С этими словами говоривший нагнулся к уху майора и стал ему что-то нашёптывать. Теперь я увидел и на его гимнастёрке интендантские петлицы с «колёсиком» и с двумя кубиками.
— Думаешь? — спросил майор, когда лейтенант выпрямился.
— А зря, что ли, он на лейтенанта, который его задержал, автомат поднимал? Нет, тут дело не чистое! Честный дезертир никогда бы на такое не пошёл…

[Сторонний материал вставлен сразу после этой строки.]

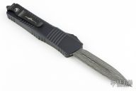 This Combat Troodon by Microtech Knives features a Damascus double-edged blade. The handle is black aluminum and carbon fiber, ringed anodized titanium screws, and a black stainless steel pocket clip. The handle is marked "A. Marfione" and dated 05/2021 and #087 on spine of handle and claw logo. Excellent work. Comes with original box and papers. Excellent condition.
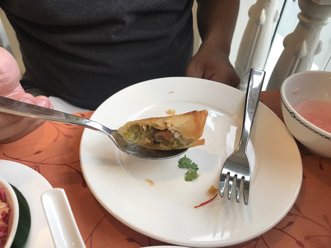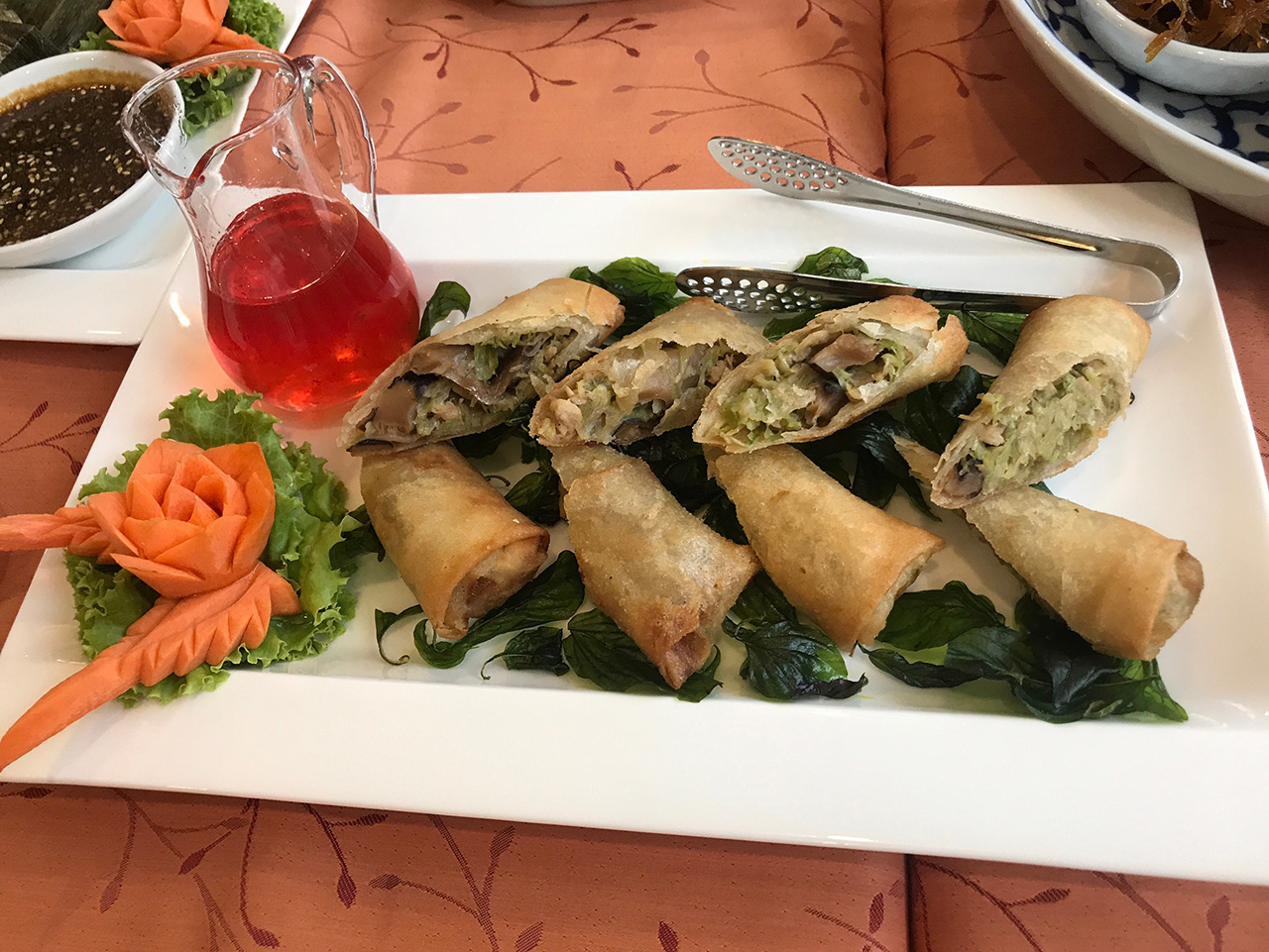 แป้งกรอบอร่อย รสเข้มข้น มีกลิ่นเครื่องเทศอ่อน ๆ ไส้แน่นๆ ตัวไส้เป็นเห็ดหอมและผัก ไม่มีวุ้นเส้นแบบปอเปี๊ยะทั่ว ๆ ไป เสิร์ฟพร้อมน้ำจิ้มในโถแก้ว น้ำจิ้มสีออกแดงๆเพราะมีส่วนผสมของน้ำอุทัยหมอมี น้ำจิ้มรสออกหวานหน่อย เมื่อกินกับปอเปี๊ยะจะได้รสกลมกล่อมพอดีๆ กินเล่นเพลินๆ

— Думаешь? — снова переспросил майор.
— А вы разрешите его допросить — вот и увидите.
— Что ж, валяй. Только в качестве кого, Будяков, ты будешь его допрашивать? Ты ведь не прокурор, не следователь какой-нибудь, а по строевой части…
— Как это в качестве кого? — удивился лейтенант. — Разве вы не знаете, что я назначен дознавателем по подразделениям штаба дивизии?
— Да нет, не знал, — признался майор.
Похоже было на то, что майор, так же как и я, впервые слышит слово «дознаватель».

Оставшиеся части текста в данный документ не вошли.